The Oxford Training Centre‘s Keras for Deep Learning course provides an in-depth introduction to Keras, one of the most popular deep learning frameworks accessible today. This course is intended for both beginners and expert learners who are eager to explore the realm of deep learning. Keras, which is based on TensorFlow, provides an easy-to-use interface for creating, training, and deploying deep learning models, making it a powerful tool for AI and machine learning.
The Keras deep learning tutorial included in this course will walk you through all of the fundamental principles and practical techniques required to properly build neural networks using Keras. You will learn how to use the Keras machine learning library to create, train, and evaluate deep learning models. This course will also explore Keras for AI applications, including real-world examples of Keras deep learning models applied in several industries.
Objectives and Target Group
Objectives
By the end of this course, participants will be able to:
- Understand basic concepts of Keras for beginners and advanced Keras in deep learning.
- Learn to build Keras models through designing, training, and validating neural networks.
- Get familiar with examples of Keras deep learning models applied to solve real-world AI challenges.
- Work with deep learning models using Keras, including various types of neural networks.
- Learn Keras for machine learning and understand how to apply machine learning through deep learning techniques.
- Use Keras and TensorFlow for deep learning to create scalable AI models.
- Deploy and optimize Keras Python deep learning models for production environments.
- Build and tune Keras neural networks using best practices from a range of AI applications.
- Critically apply Keras in modeling real-world deep learning solutions to complex issues across various topics.
Target Group
This course is ideal for:
- Beginners who have an interest in learning deep learning and AI, and want to get started with Keras for AI applications.
- Data scientists and machine learning practitioners looking to enhance their skills in Keras for machine learning and understand how to use deep learning frameworks effectively.
- AI enthusiasts who are eager to gain experience with the Keras deep learning framework and explore the field of deep learning with Keras.
- Software developers who want to integrate deep learning models into their applications and learn to build neural networks with Keras.
- Researchers and engineers working on advanced deep learning projects and seeking to improve their knowledge in Keras for advanced deep learning.
- Professionals in industries such as healthcare, finance, and technology who want to apply Keras for deep learning to solve business and research problems.
Course Content
This course is structured to provide a comprehensive and practical approach to building deep learning models using Keras.

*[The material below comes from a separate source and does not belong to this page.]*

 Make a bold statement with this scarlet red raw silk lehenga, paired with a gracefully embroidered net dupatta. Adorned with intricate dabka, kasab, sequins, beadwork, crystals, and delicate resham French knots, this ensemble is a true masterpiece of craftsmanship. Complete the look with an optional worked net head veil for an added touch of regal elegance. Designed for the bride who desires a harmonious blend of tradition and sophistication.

It includes detailed lessons on the following topics:
1. Introduction to Keras and Deep Learning
- Understanding deep learning and its applications in machine learning.
- Introduction to the Keras deep learning framework and its advantages for building neural networks.

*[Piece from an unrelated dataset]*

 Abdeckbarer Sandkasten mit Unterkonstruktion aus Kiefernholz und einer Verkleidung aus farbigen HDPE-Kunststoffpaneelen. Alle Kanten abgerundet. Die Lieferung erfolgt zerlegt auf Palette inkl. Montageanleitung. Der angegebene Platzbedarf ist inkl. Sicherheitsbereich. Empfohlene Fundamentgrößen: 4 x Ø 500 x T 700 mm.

- Overview of TensorFlow and how Keras interacts with it.
- Setting up the environment for Keras Python deep learning.
2. Building Your First Neural Network with Keras
- Introduction to neural networks and the building blocks of Keras neural networks.
- Step-by-step guide to building a simple neural network using Keras for beginners.

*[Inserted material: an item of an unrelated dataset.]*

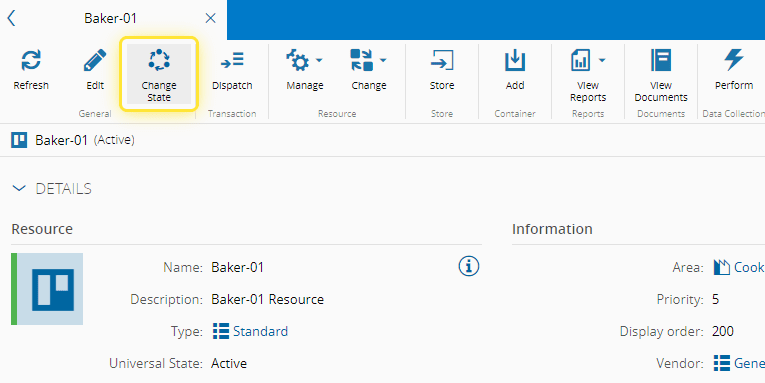 For more information, see Change Resource State - Critical Manufacturing Documentation Portal ⧉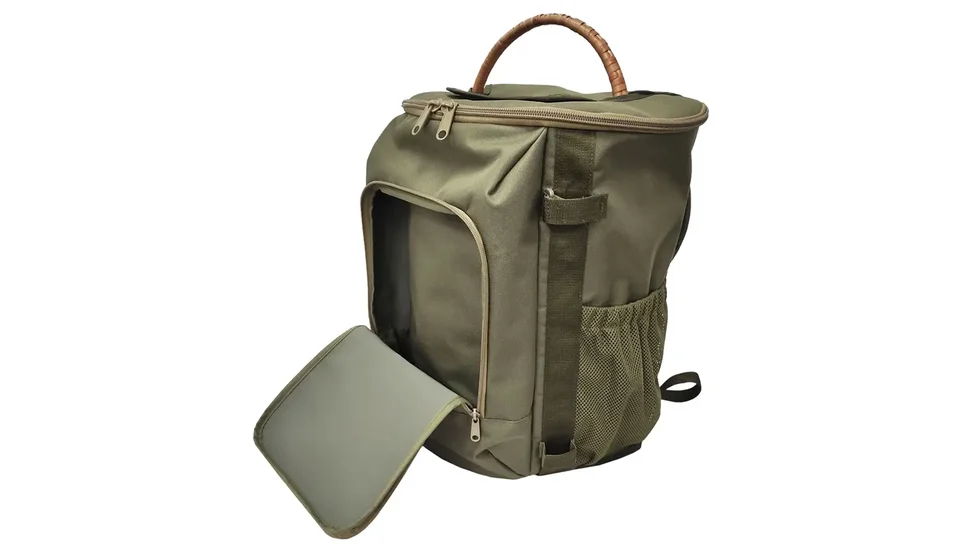 Рюкзак має три додаткові кишені для аксесуарів, їжі чи особистих речей. Верхня кришка закривається на блискавку, а центральний отвір із клапаном дозволяє зручно переносити кошик окремо від рюкзака.

- Understanding layers, activation functions, and compiling models.
- Hands-on exercises to build and train a basic deep learning model.
3. Advanced Techniques in Keras
- Working with advanced Keras deep learning models examples.
- Implementing Convolutional Neural Networks (CNNs) and Recurrent Neural Networks (RNNs).
- Techniques for handling image, text, and time-series data with Keras for AI applications.
- Using Keras for advanced deep learning tasks like image recognition and natural language processing.
4. Optimizing and Evaluating Models
- Techniques for fine-tuning and optimizing Keras deep learning models.
- Model evaluation metrics: accuracy, precision, recall, and F1-score.
- Regularization and dropout methods to prevent overfitting.
- Hyperparameter tuning and using grid search with Keras.
5. Working with Complex Datasets
- Techniques for data preprocessing and augmentation using Keras for machine learning.
- Handling large datasets with batch processing.
- Introduction to transfer learning and pre-trained models.
- Applying Keras deep learning tutorial to complex datasets.
6. Deploying Deep Learning Models
- Exporting models and saving them for future use.
- Creating web applications with deep learning models using Flask or Django.
- Integration of Keras models into production environments.
- Overview of deploying Keras for machine learning models in the cloud.
7. Deep Learning with Keras and TensorFlow
- A deeper dive into using Keras for deep learning with TensorFlow as the backend.
- Benefits of TensorFlow and Keras together for building scalable AI systems.
- Example projects using deep learning with Keras and TensorFlow.